=== What you are asked to do ===
For the data below, retype word for word the lines from the one containing "Rembourrage 100 %" through the one containing "素材は、80番⼿の超極細リネ"; drop the pictures.

=== Records shown ===
__________

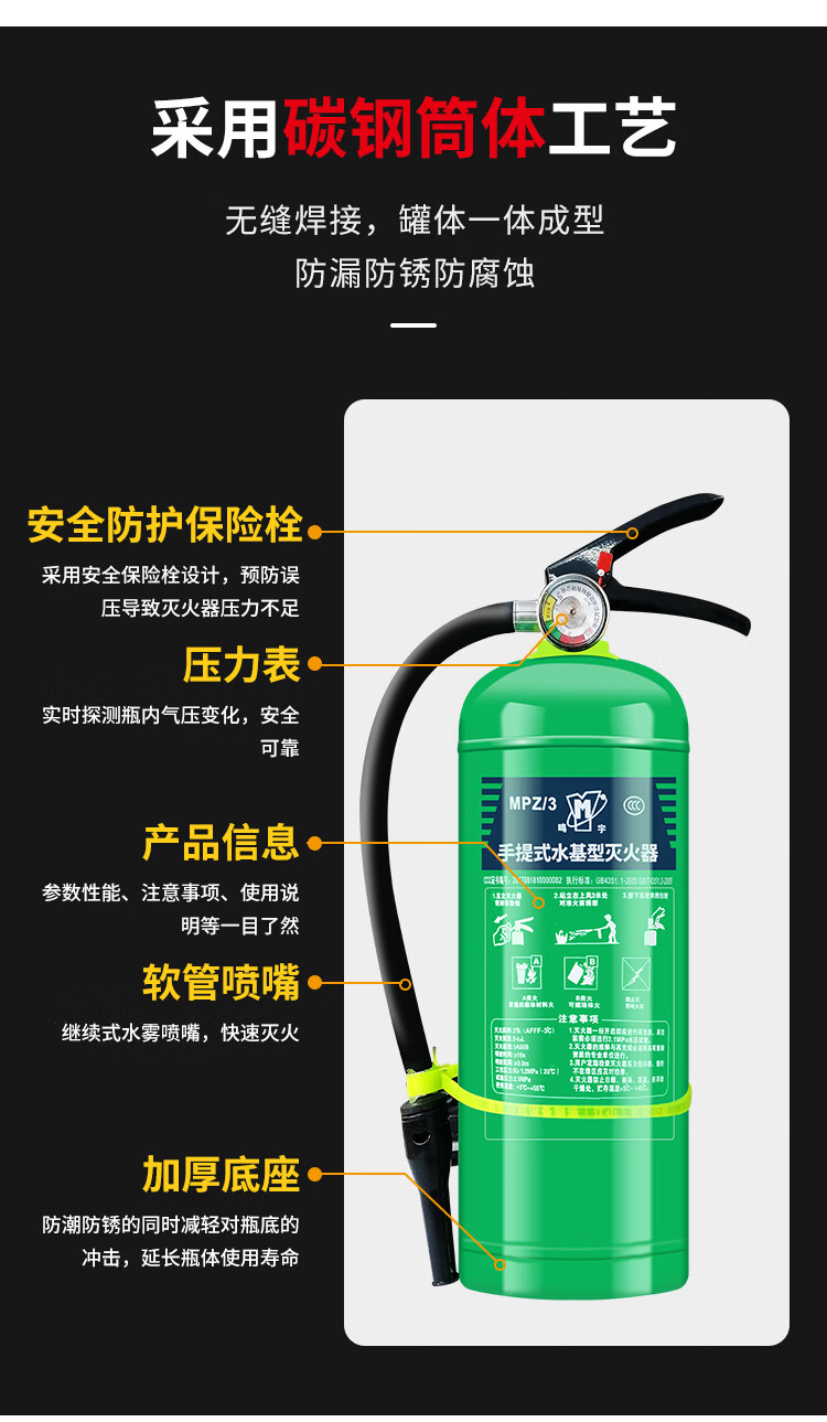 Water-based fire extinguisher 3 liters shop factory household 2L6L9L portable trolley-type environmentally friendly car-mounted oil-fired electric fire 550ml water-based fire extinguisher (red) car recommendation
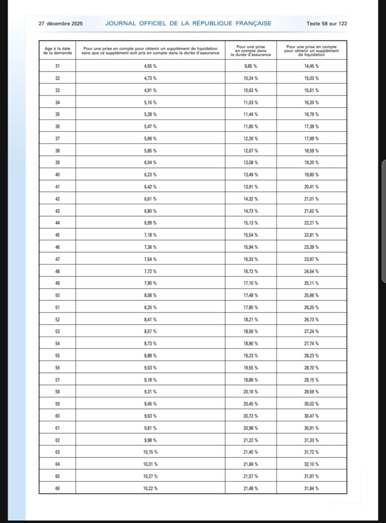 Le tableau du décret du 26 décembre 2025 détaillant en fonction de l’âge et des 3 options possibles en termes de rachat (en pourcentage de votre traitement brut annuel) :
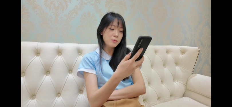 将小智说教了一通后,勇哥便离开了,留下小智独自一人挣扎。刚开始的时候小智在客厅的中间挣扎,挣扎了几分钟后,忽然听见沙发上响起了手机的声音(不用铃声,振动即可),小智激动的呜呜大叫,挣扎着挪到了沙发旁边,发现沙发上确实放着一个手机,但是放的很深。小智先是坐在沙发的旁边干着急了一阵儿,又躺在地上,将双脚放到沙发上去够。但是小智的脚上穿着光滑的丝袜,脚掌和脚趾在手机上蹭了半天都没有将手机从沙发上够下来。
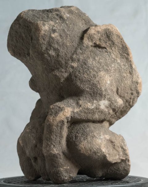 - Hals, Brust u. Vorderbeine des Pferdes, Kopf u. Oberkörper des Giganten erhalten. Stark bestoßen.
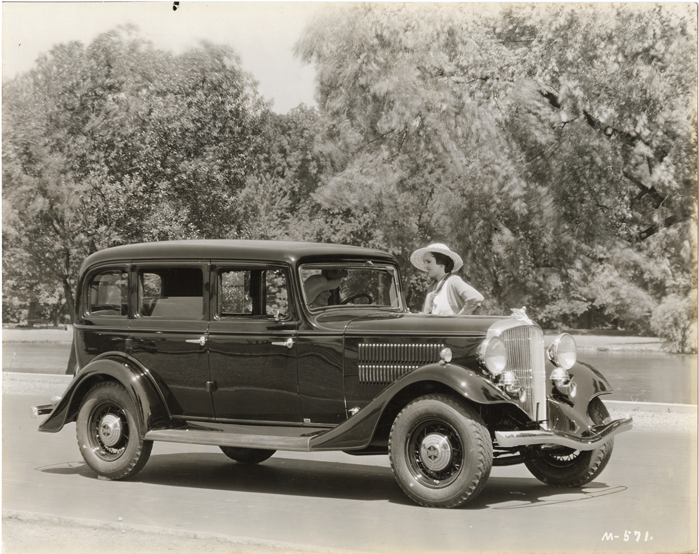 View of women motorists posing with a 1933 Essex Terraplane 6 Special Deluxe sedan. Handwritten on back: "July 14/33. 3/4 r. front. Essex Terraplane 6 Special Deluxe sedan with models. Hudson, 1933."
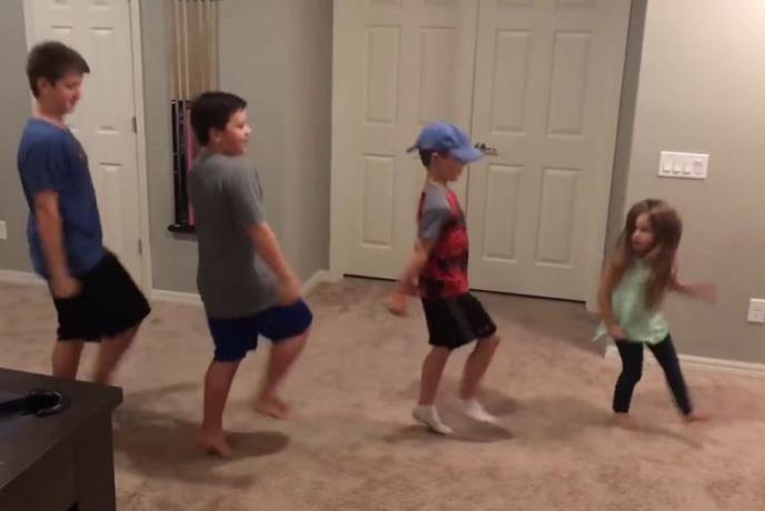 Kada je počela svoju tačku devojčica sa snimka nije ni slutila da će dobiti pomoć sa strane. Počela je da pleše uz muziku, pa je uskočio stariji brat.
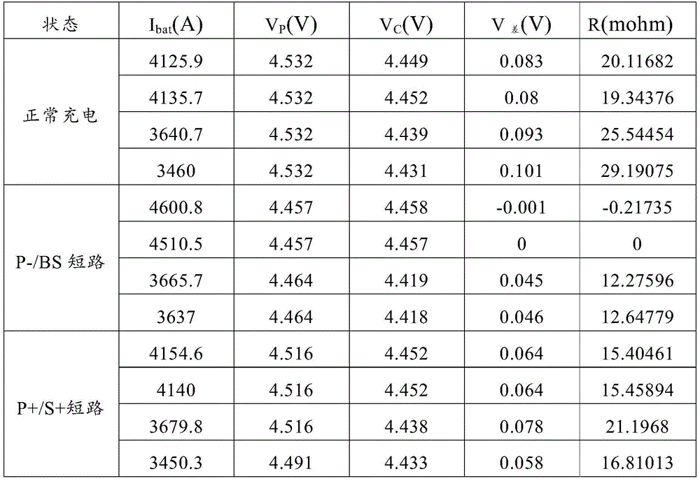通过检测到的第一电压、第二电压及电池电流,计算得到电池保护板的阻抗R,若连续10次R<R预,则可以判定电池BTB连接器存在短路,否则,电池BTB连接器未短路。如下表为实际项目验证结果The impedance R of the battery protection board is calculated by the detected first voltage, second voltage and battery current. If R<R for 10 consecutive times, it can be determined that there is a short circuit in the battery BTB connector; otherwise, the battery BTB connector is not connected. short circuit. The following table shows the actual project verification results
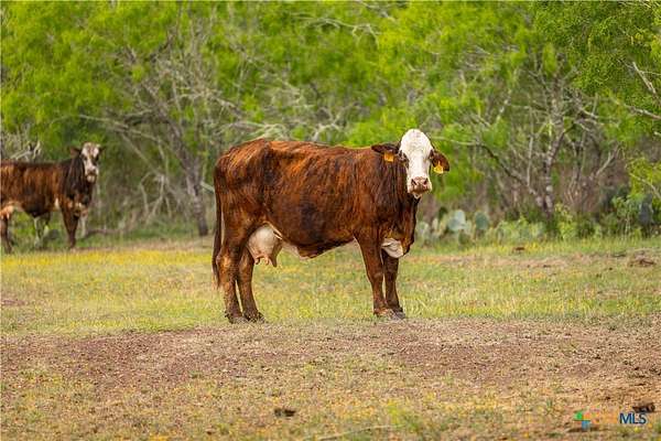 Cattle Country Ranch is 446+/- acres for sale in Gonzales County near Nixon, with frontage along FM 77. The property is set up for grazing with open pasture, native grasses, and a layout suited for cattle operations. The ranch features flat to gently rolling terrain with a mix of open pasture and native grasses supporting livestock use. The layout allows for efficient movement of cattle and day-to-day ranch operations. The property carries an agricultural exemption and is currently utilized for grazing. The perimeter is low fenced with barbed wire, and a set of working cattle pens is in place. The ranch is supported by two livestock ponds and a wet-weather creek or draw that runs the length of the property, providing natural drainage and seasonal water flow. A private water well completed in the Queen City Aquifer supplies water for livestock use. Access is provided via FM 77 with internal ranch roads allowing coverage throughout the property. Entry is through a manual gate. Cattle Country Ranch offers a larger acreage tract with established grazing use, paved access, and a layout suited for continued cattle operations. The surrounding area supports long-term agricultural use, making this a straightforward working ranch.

__________

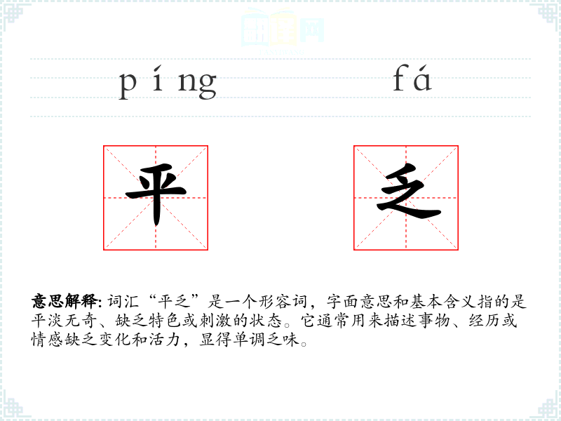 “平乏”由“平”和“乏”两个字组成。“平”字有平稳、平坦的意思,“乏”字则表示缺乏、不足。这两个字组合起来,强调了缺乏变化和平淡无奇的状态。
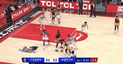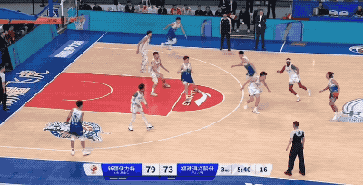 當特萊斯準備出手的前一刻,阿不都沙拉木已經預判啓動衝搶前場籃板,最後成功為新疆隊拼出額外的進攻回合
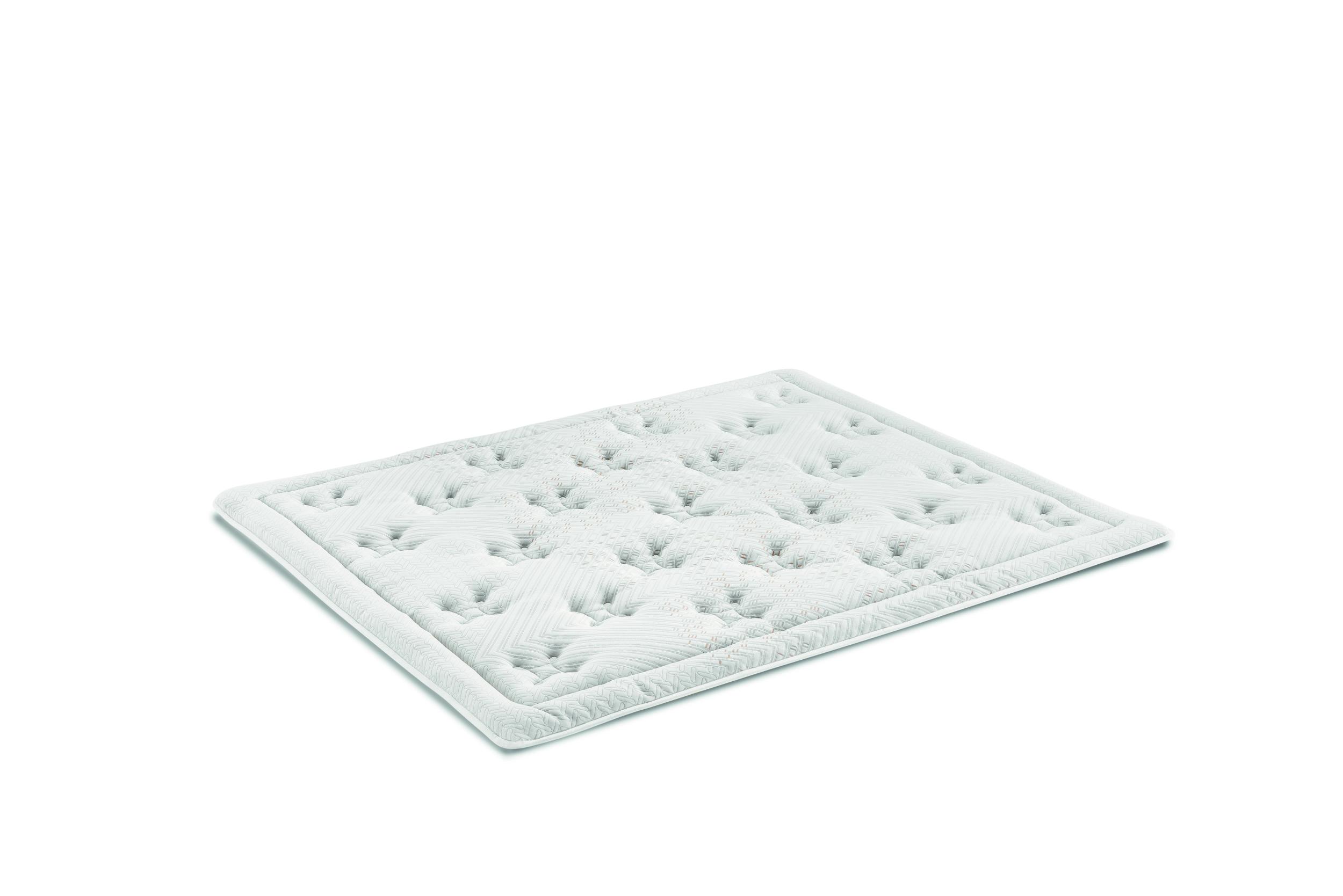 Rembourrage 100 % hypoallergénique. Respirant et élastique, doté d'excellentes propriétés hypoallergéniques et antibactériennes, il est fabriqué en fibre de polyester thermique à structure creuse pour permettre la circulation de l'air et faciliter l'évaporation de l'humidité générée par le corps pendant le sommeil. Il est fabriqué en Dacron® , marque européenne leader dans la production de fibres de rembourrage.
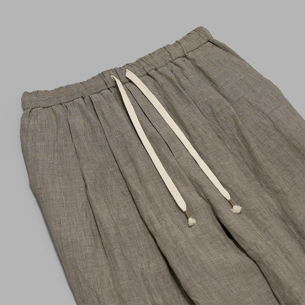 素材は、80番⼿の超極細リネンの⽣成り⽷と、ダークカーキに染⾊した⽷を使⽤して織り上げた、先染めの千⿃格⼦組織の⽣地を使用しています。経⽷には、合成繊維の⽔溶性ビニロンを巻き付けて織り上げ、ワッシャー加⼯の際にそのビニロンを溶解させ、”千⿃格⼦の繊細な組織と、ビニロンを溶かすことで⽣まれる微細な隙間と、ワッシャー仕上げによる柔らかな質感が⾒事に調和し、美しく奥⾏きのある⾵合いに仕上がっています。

__________

=== Solution for this exercise ===
 Rembourrage 100 % hypoallergénique. Respirant et élastique, doté d'excellentes propriétés hypoallergéniques et antibactériennes, il est fabriqué en fibre de polyester thermique à structure creuse pour permettre la circulation de l'air et faciliter l'évaporation de l'humidité générée par le corps pendant le sommeil. Il est fabriqué en Dacron® , marque européenne leader dans la production de fibres de rembourrage.
 素材は、80番⼿の超極細リネンの⽣成り⽷と、ダークカーキに染⾊した⽷を使⽤して織り上げた、先染めの千⿃格⼦組織の⽣地を使用しています。経⽷には、合成繊維の⽔溶性ビニロンを巻き付けて織り上げ、ワッシャー加⼯の際にそのビニロンを溶解させ、”千⿃格⼦の繊細な組織と、ビニロンを溶かすことで⽣まれる微細な隙間と、ワッシャー仕上げによる柔らかな質感が⾒事に調和し、美しく奥⾏きのある⾵合いに仕上がっています。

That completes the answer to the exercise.